A good deal is known about the relationship between $\mathfrak s$ and other cardinal characteristics of the continuum. For example, any set of reals of cardinality $<\mathfrak s$ is of first Baire category and has Lebesgue measure zero.
Solution 2:
I think this is false. Set up a correspondence between all infinite subsequences of $\mathbb N$ and $\mathbb R$, say $\Phi: \mathbb R \to 2^{\mathbb N}$. Now, define $\mathcal A_n := \{ r \in \mathbb R: n \in \Phi(r) \text{ and $n$ has odd index in } \Phi(r)\} $. Here by "index" I mean the position of $n$ when $\Phi(r)$ is listed in increasing order, or in other words the cardinality of $[1,n] \cap \Phi(r)$.

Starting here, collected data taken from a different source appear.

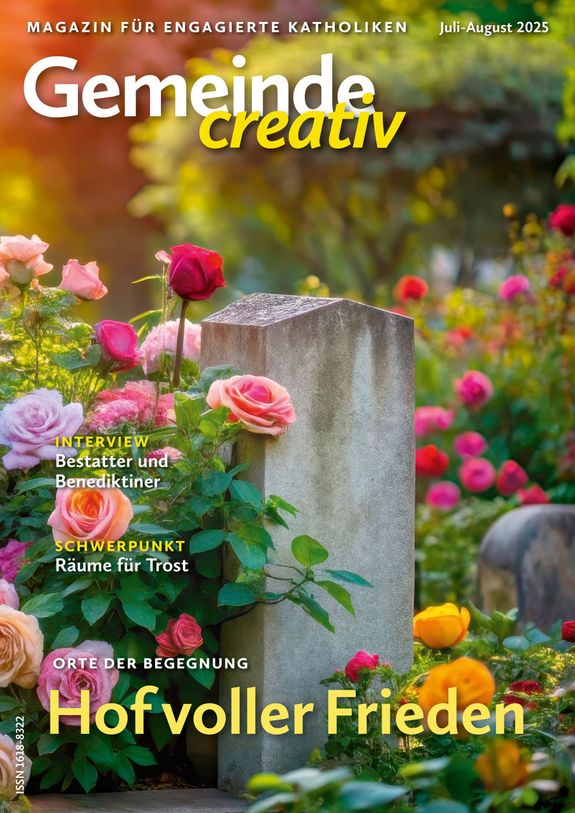 Würzburg (POW) Vielfältige Perspektiven auf den Wandel der Bestattungskultur, Impulse für pastorale Antworten und konkrete Anregungen zur Gestaltung zukunftsfähiger Friedhöfe bietet die Ausgabe Juli-August 2025 der Zeitschrift „Gemeinde creativ“, die am Montag, 28. Juli, erscheint.
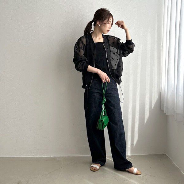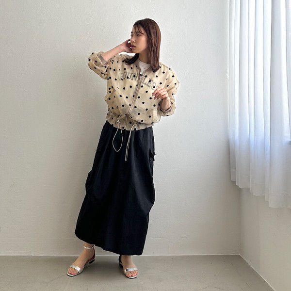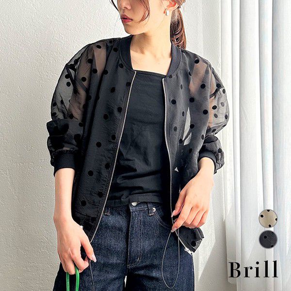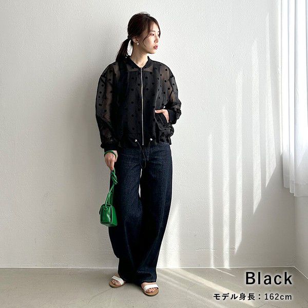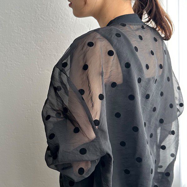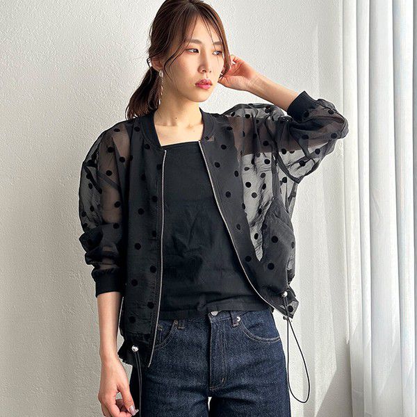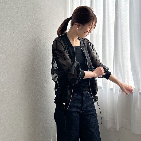 日本 ihuu - 圓點透膚下擺抽繩拉鍊薄外套-黑
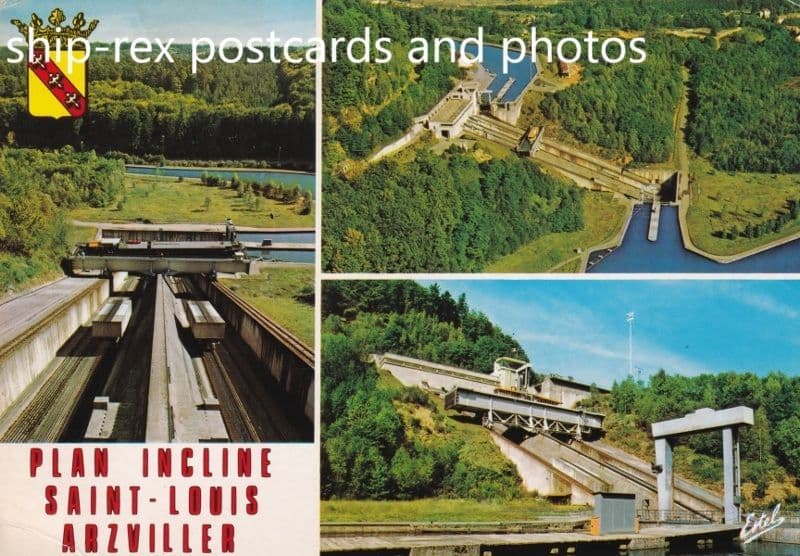 this barge elevator enables the Marne-Rhine Canal to traverse the Vosges Mountains and opened 1/1969.
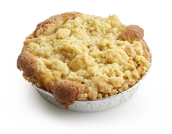 Taartje met een bodem van koekjesdeeg, gevuld met een smeuïge frangipanevulling en stukjes appel, afgewerkt met een crumble op basis van echte boter.
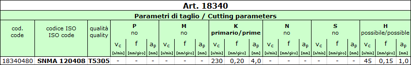 Insert DORMER PRAMET SNMA T5305 negative with hole for turning. Zero rake negative geometry with rounded cutting edge, suitable for finishing operations up to semi-roughing continuous to slightly interrupted cutting of cast irons and potentially hard materials, which produce short chips. CVD grade T5305 with very high resistance to chemical wear and abrasion, suitable for finishing applications with high cutting speeds also for productive processing of treated and hardened materials. Main application ISO class K01-K15, secondary H05-H15.
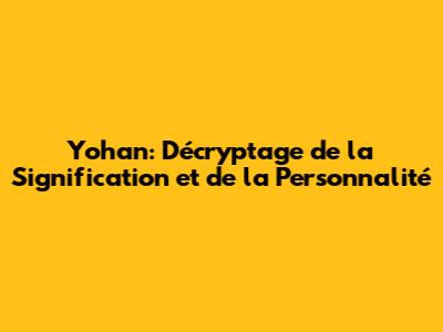 Hey les amis! On va plonger dans le monde fascinant du prénom Yohan. Vous vous êtes déjà demandé ce que ce prénom populaire révèle sur ceux qui le portent? On va décortiquer ensemble la signification, la personnalité, et tout ce qui fait de Yohan un prénom si spécial. Préparez-vous à découvrir des infos croustillantes et à mieux comprendre les Yohan de votre entourage ou, pourquoi pas, vous-même!
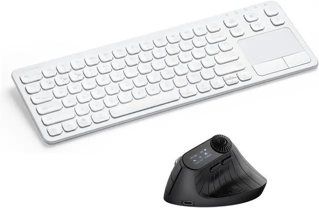 Vertical Mouse + Touchpad Set - This bundle includes a Ergo mouse with LED screen and a touchpad keyboard. Natural vertical angle, promotes a handshake grip to reduce wrist pain, finger numbness, and forearm tension.
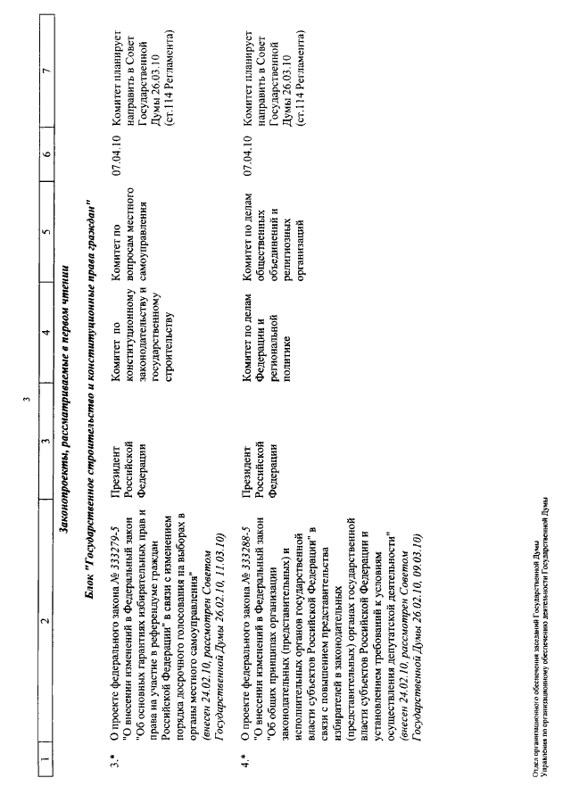 "О КАЛЕНДАРЕ РАССМОТРЕНИЯ ВОПРОСОВ ГОСУДАРСТВЕННОЙ ДУМОЙ С 7 ПО 23 АПРЕЛЯ 2010 ГОДА"
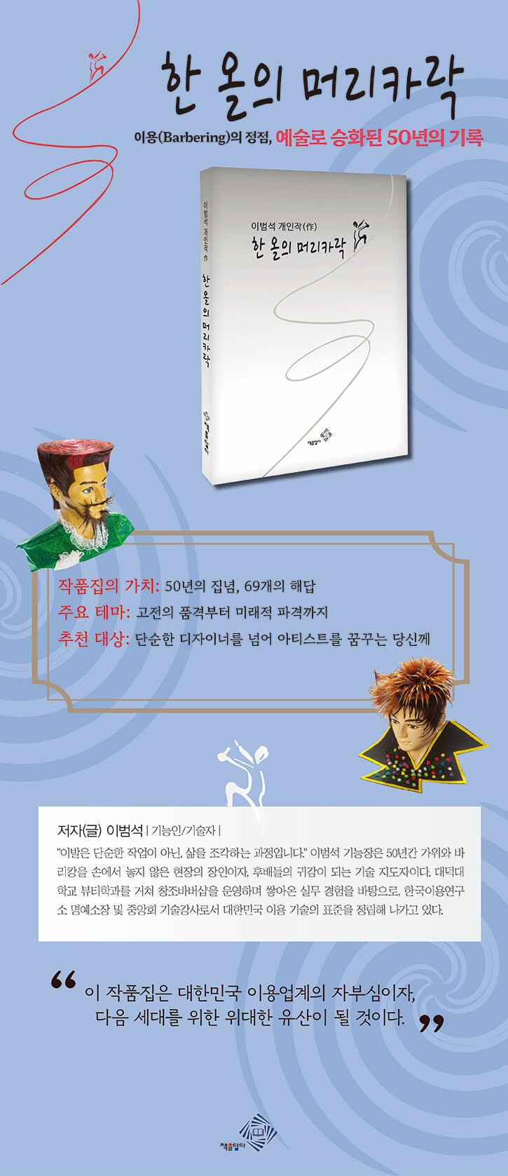 전통과 현대를 아우르는 총 69점의 예술적 헤어스타일은 이용 기술이 도달할 수 있는 최고의 경지를 보여준다. 이범석 작가의 기술 집약적 결과물인 이 작품집은 대한민국 이용업계의 자부심이자, 다음 세대를 위한 위대한 유산이 될 것이다.
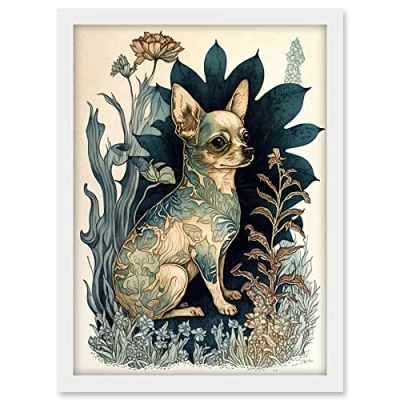 Artery8 Chihuahua Dog With Floral Pattern Fur Coat Modern Portrait in Flower Field Illustration Artwork Framed A3 Wall Art Print

No matter what subsequence of $\{\mathcal A_n\}$ one chooses, it corresponds to some $\Phi(r)$, and within that subsequence $r$ alternates between included and excluded, so the subsequence fails to converge at $r$.
On the other hand, it should be true for subsets of $\mathbb N$ by an argument similar to the infinite Ramsey theorem. Either infinitely many $\mathcal A_n$ contain $1$ or infinitely many exclude $1$, so one can inductively pass to a subsequence where $\{\mathcal A_n\}$ converges at $1$, then a subsubsequence that converges at $2$, etc., and finally taking a diagonal of this sequence of sequences.